Er sah Wolfram an als er eintrat. Kein Erschrecken, kein Begrüßen. Nur das Registrieren – die Art wie ein Mensch eine Tür hört und den Kopf dreht ohne dass der Körper sich entschieden hat was er damit anfangen soll.

Wolfram zog einen Stuhl heran. Setzte sich. Kein Tisch zwischen ihnen. Keine Konsole. Nur der Abstand den man braucht um ein Gesicht zu lesen.

„Wie geht es Ihnen?“

Karl überlegte. Nicht als würde er die Antwort suchen – als würde er prüfen ob die Frage für ihn zutraf.

„Besser“, sagte er schließlich. Seine Stimme war weniger rau als beim letzten Mal. „Die Hände zittern weniger.“

Er hob eine Hand. Betrachtete sie. Tatsächlich – kaum noch. Wolfram notierte es.

„Gut.“

Eine kurze Stille. Die vertraute Art – nicht unangenehm, nur unausgefüllt.


„Ich will wissen was in der Drift passiert ist“, sagte Wolfram. „Nicht für einen Bericht. Nicht für die Archive.“ Er betrachtete Karl. „Ich will verstehen was Sie erlebt haben.“

Karl senkte die Hand wieder in den Schoß. Sein Blick wanderte einen Moment weg – nicht weit, nur einen halben Meter nach links, zu einem Punkt an der Wand der nichts bedeutete außer dass er ihn brauchte.

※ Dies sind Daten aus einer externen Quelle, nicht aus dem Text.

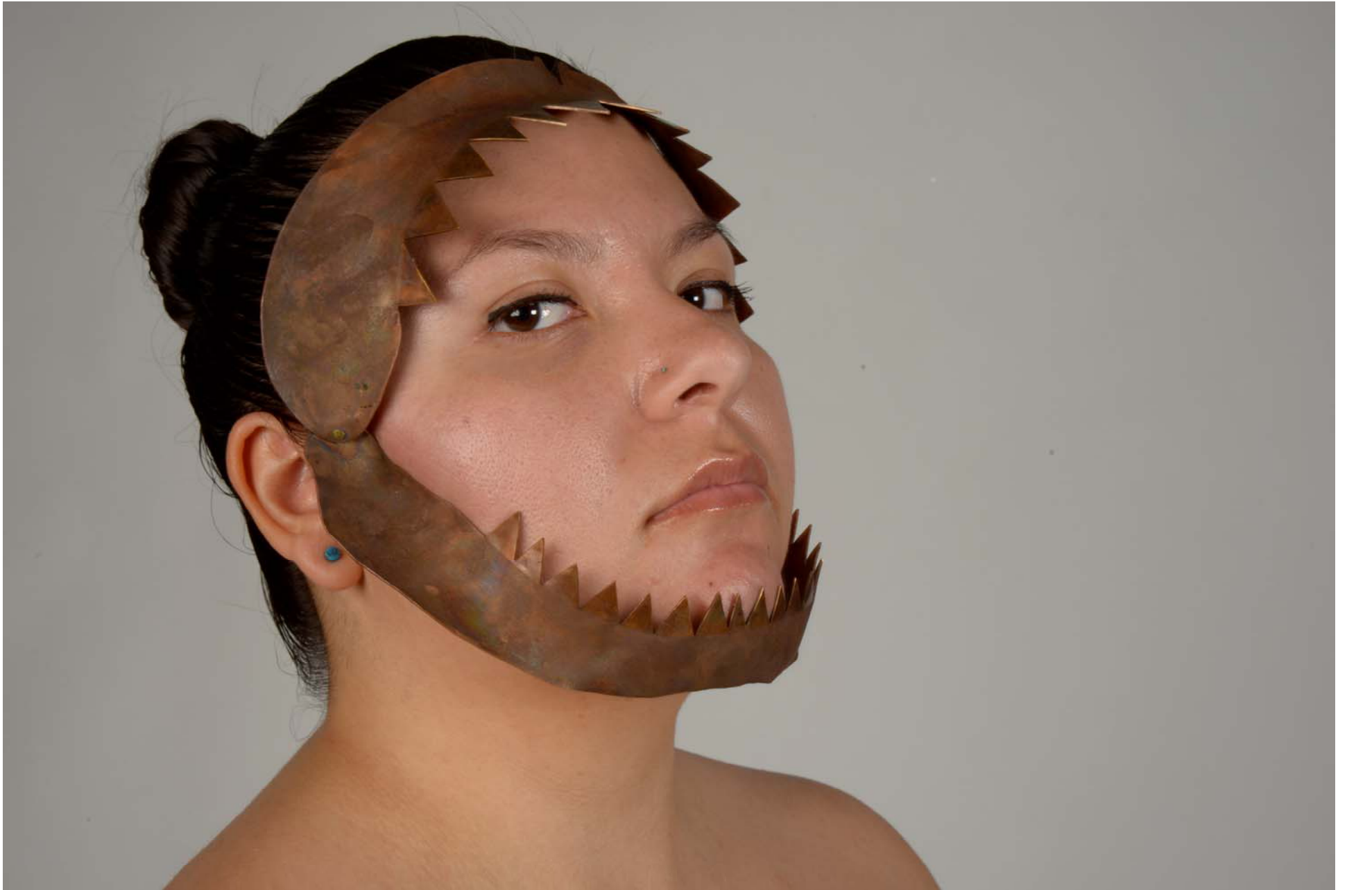
Figure 16: Shark Bait (Detail).

„Es ist schwer“, sagte er, „in die richtige Reihenfolge zu bringen.“ Eine Pause. „Nicht weil ich es vergessen habe. Weil es keine hatte.“

Wolfram wartete.

„Die Station war leer als wir ankamen.“ Karl sprach langsam. Nicht bedächtig – eher als würde er Worte aus etwas herausziehen das sie nicht gerne herausgab. „Wir haben die Runen gefunden. Überall. Und dann—“ Er hielt inne. Sein Blick kehrte zu Wolfram zurück. „Dann war die Zeit anders.“

„Anders wie?“

Karl öffnete den Mund. Schloss ihn wieder.

„Es gab Momente“, sagte er schließlich, „die schon gewesen waren. Und Momente die noch nicht gewesen waren. Und ich konnte nicht—“ Er hob die Hände ein Stück, ließ sie wieder fallen. „Ich konnte nicht sagen welche welche war.“

Wolfram ließ das stehen. Er schob nichts nach, stellte keine Folgefrage. Manchmal war Schweigen das einzige Werkzeug das nicht störte.

Nach einem Moment sprach Karl weiter.

„Die anderen.“ Er sagte es ohne Betonung. „Sie waren noch da. Dann nicht mehr.“ Eine Pause die zu lang war. „Nicht weg. Nur – nicht mehr da wo ich war.“

„Haben Sie sie gesehen?“

„Nicht danach.“ Karl betrachtete seine Hände. „Ich habe ihre Stimmen gehört. Manchmal. Aber die Stimmen passten nicht zu der Zeit in der ich war.“

Wolfram verstand es nicht vollständig. Er wusste dass er es nicht vollständig verstehen würde – nicht heute, vielleicht nicht je. Aber er hörte die Form davon. Die Kontur.

Arvid sitzt irgendwo in derselben Dunkelheit, dachte er.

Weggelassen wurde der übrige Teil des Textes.